Get .glb mocap animation files from smartphone-captured videos.
Note: This project has only been tested on Linux.
Mo=Cat Studio uses Meta's SAM 3D Body model to perform markerless motion capture from ordinary video files. The system tracks multiple people simultaneously, maintaining their identities across frames even through occlusions and re-appearances.
- Multi-person tracking: Track multiple individuals simultaneously with persistent identity
- 3D pose estimation: Full body mesh reconstruction with 70+ joint positions
- Face recognition: Re-identify people who leave and re-enter the frame
- Camera motion compensation: Handles moving cameras using ORB feature matching
- Ghost suppression: Prevents duplicate detections of the same person
- Export to GLB: Animated 3D meshes with skeleton data
- Real-time 3D Viewer: Built with Three.js for interactive visualization
Note: The demo video below has been sped up (10min → 10s).
- SAM 3D Body: Each frame is processed by Meta's SAM 3D Body model, which predicts:
- 3D body mesh vertices
- 70 joint positions (body, hands, face)
- Camera-relative translation
- Body pose parameters (MHR format)
The tracker maintains identity across frames using multiple signals:
- Bounding Box IoU: Overlap between predicted and detected boxes
- Pose Similarity: Comparison of normalized joint positions (10 key joints)

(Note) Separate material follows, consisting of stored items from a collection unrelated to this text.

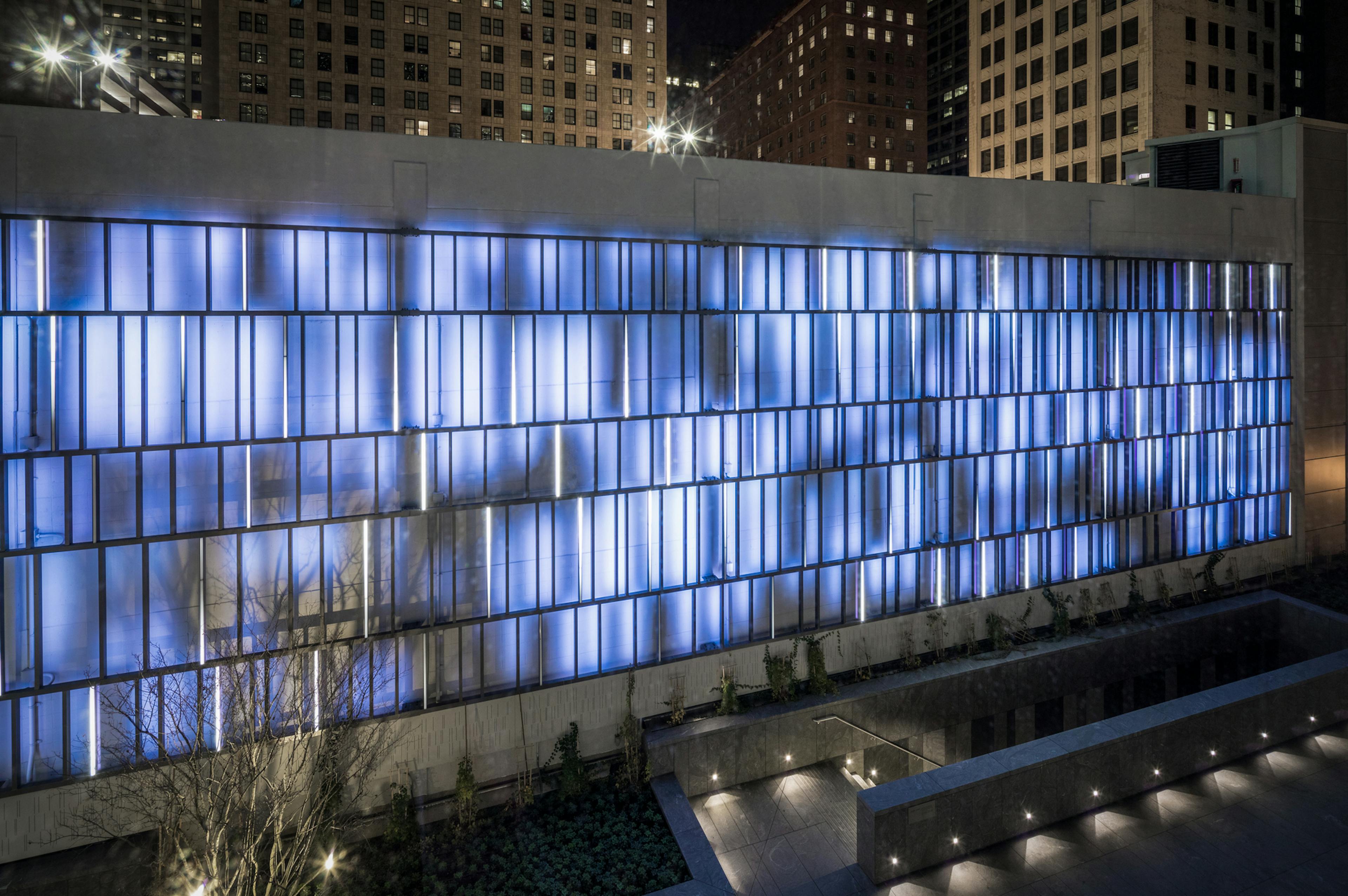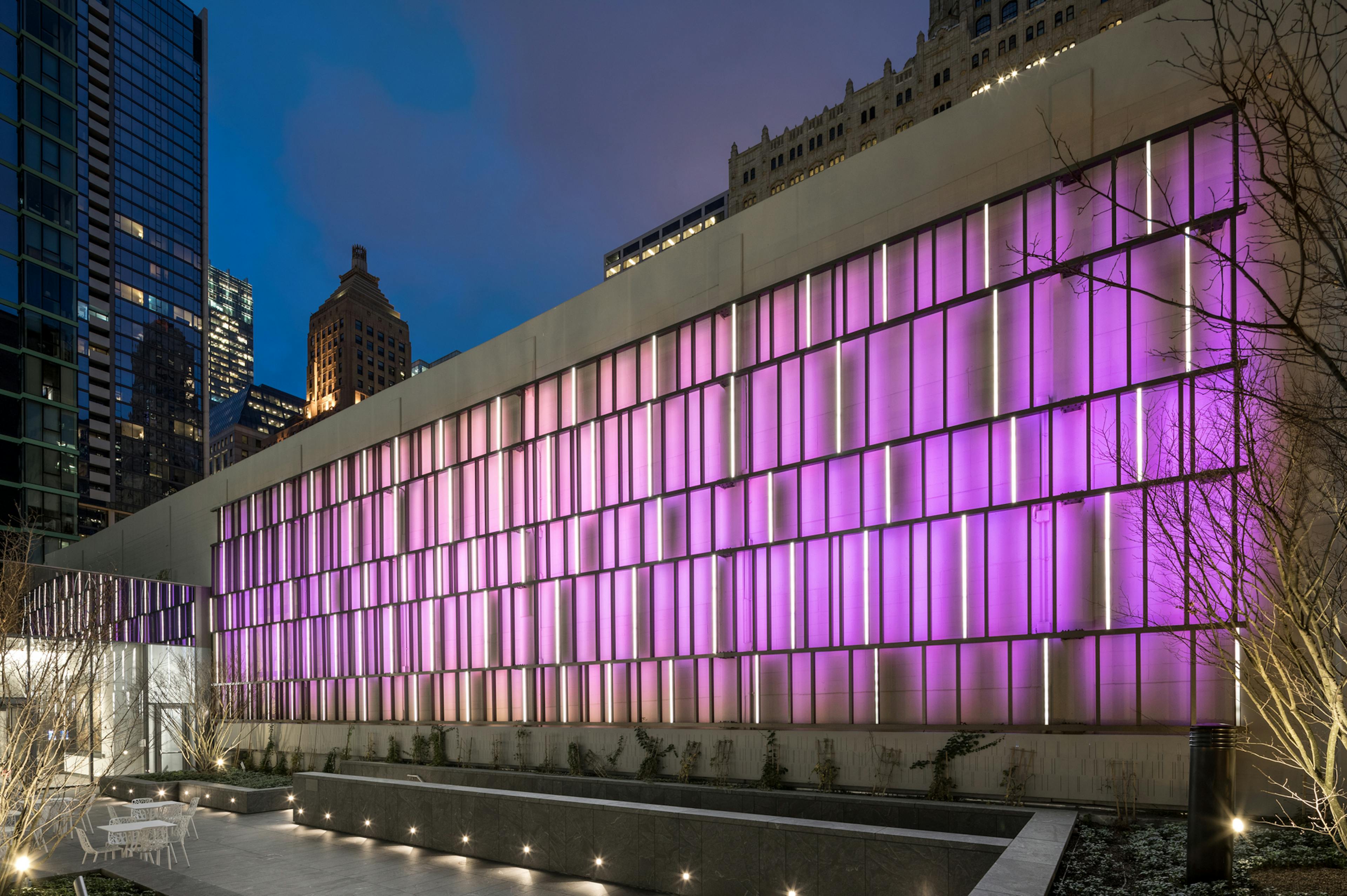 The dynamic light installation at 151 North Franklin uses gentle movement and dappled light to create an organic and contemplative feeling in the building’s second floor garden terrace. A “trellis” of vertical light bars and brushed metal fins, the textured structure plays dynamically with animation and light for an experience that’s part digital, part nature.
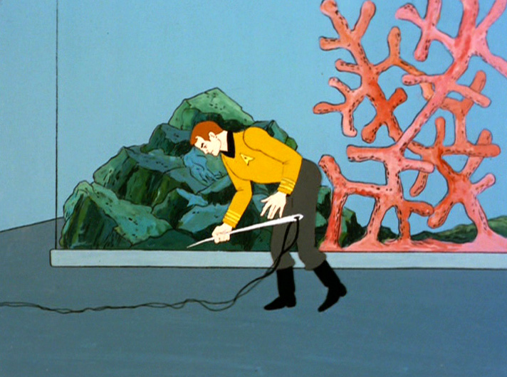 Apparently, the code-word being transmitted is “Terratin”. But what does it MEAN? The computer doesn’t know (and neither does Google. The closest it comes to is “terrain”). So Kirk feels compelled to go find out what the hell “Terratin” means. Is it a warning? An invitation? A dessert made with flaming brandy? Nobody knows… so let’s go poke at it with a stick… er… a phaser. Bones, always the voice of reason, asks if Kirk REALLY means to abandon the mapping mission for what’s probably going to turn into a wild goose chase.
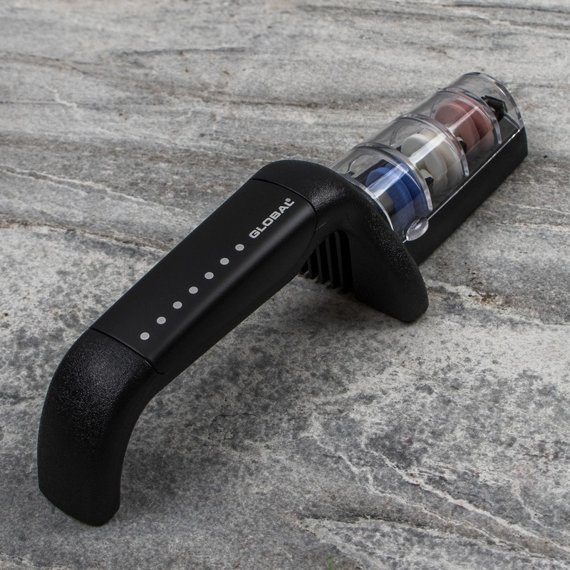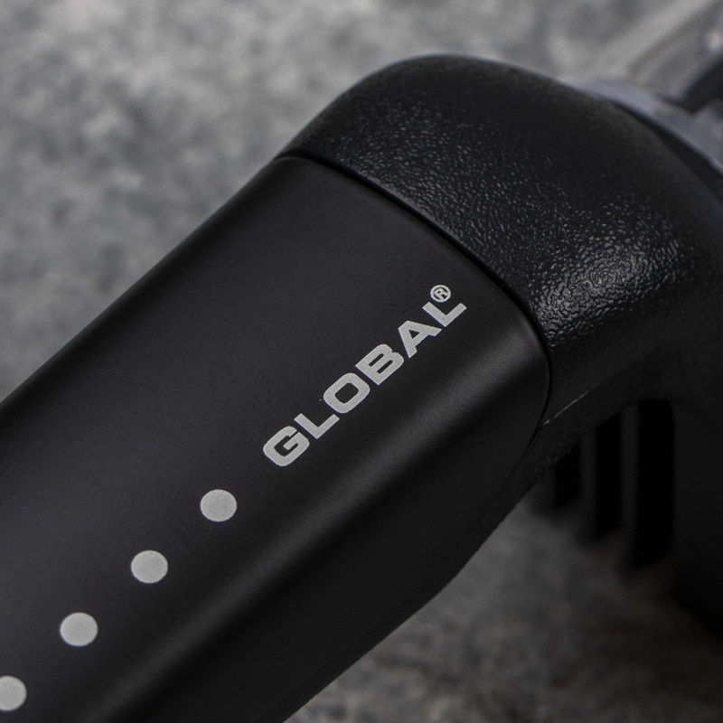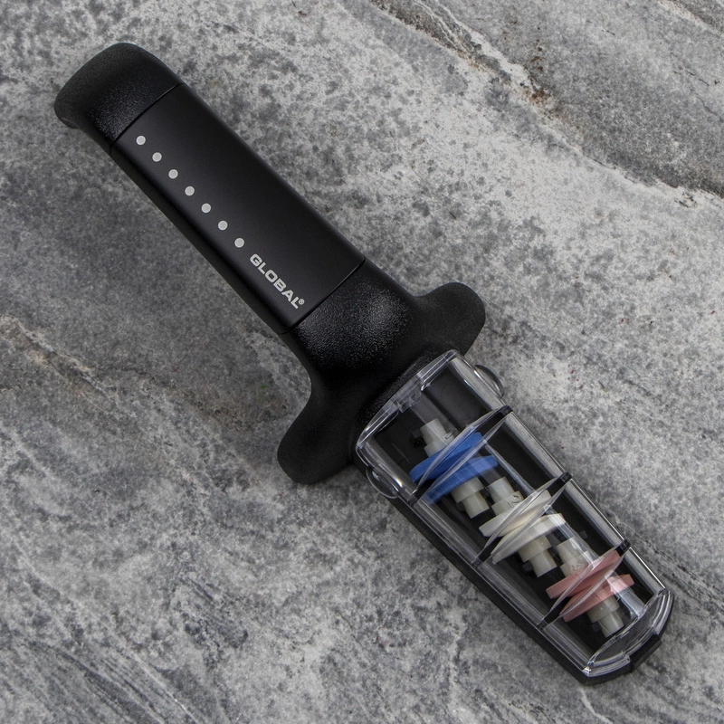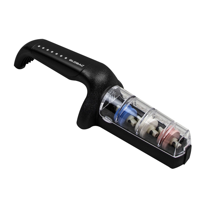 Trzyfazowa ostrzałka ceramiczna, zaprojektowana specjalnie dla noży Global i przeznaczona do ostrzenia wszystkich rodzajów noży, z wyjątkiem tych o szlifach jednostronnych, np. tradycyjnych noży japońskich. Dzięki wodzie proces ostrzenia przebiega szybciej, a fabrycznie ustawione otwory ułatwiają naostrzenie noża pod odpowiednim kątem. Gumowany uchwyt i podstawa mają właściwości przeciwpoślizgowe.

- Color Histograms: HSV histograms from torso (upper 60% of body) and face regions
- 3D Distance: Euclidean distance in camera space when available
- Hungarian Algorithm: Optimal assignment minimizing combined cost
The CameraTracker compensates for moving cameras:
- Detects ORB features in background regions (excluding person bounding boxes)
- Matches features between consecutive frames
- Estimates essential matrix and recovers camera pose
- Adjusts predicted bounding boxes to account for camera movement
Prevents duplicate detections (e.g., reflections, shadows):
- Checks unmatched detections against matched ones
- Requires BOTH similar pose (joint distance < 0.3) AND similar appearance (histogram distance < 0.3)
- Only suppresses when both conditions are met to avoid removing real people
When a person leaves and re-enters the frame:
- Face embeddings are extracted using InsightFace
- Lost tracks are stored in a "gallery" for configurable time
- New tracks are matched against gallery using cosine similarity
- Tracks can be merged retrospectively when matches are found
- Linux (tested on Ubuntu)
- Python 3.11+
- CUDA-capable GPU (recommended)
- Node.js/Bun for frontend
cd backend
# Install dependencies
uv sync
# Run server
uv run uvicorn main:app --host 0.0.0.0 --port 8001cd frontend
# Install dependencies (using bun)
bun install
# Run development server
bun run dev --hostThe frontend will be available at http://localhost:5173 and will connect to the backend at http://localhost:8001.
The tracking parameters can be adjusted from the frontend UI:
- Ghost Threshold: How close detections must be to be considered duplicates
- Max Age: Frames to keep lost tracks before deletion
- Face Match Threshold: Minimum similarity for face-based re-identification
- Distance Limit: Maximum camera distance to track (meters)
This project includes code from SAM 3D Body by Meta Platforms, Inc., licensed under the SAM 3D Body License.
@article{yang2025sam3dbody,
title={SAM 3D Body: Robust Full-Body Human Mesh Recovery},
author={Yang, Xitong and Kukreja, Devansh and Pinkus, Don and Sagar, Anushka and Fan, Taosha and Park, Jinhyung and Shin, Soyong and Cao, Jinkun and Liu, Jiawei and Ugrinovic, Nicolas and Feiszli, Matt and Malik, Jitendra and Dollar, Piotr and Kitani, Kris},
journal={arXiv preprint; identifier to be added},
year={2025}
}Modifications to SAM 3D Body:
- Removed unused
visualization/module - Removed notebook helpers
The tracker and tools modules are custom code built on top of SAM 3D Body.
The rest of this project (frontend, backend integration, and custom logic) is licensed under the GPL-2.0 License.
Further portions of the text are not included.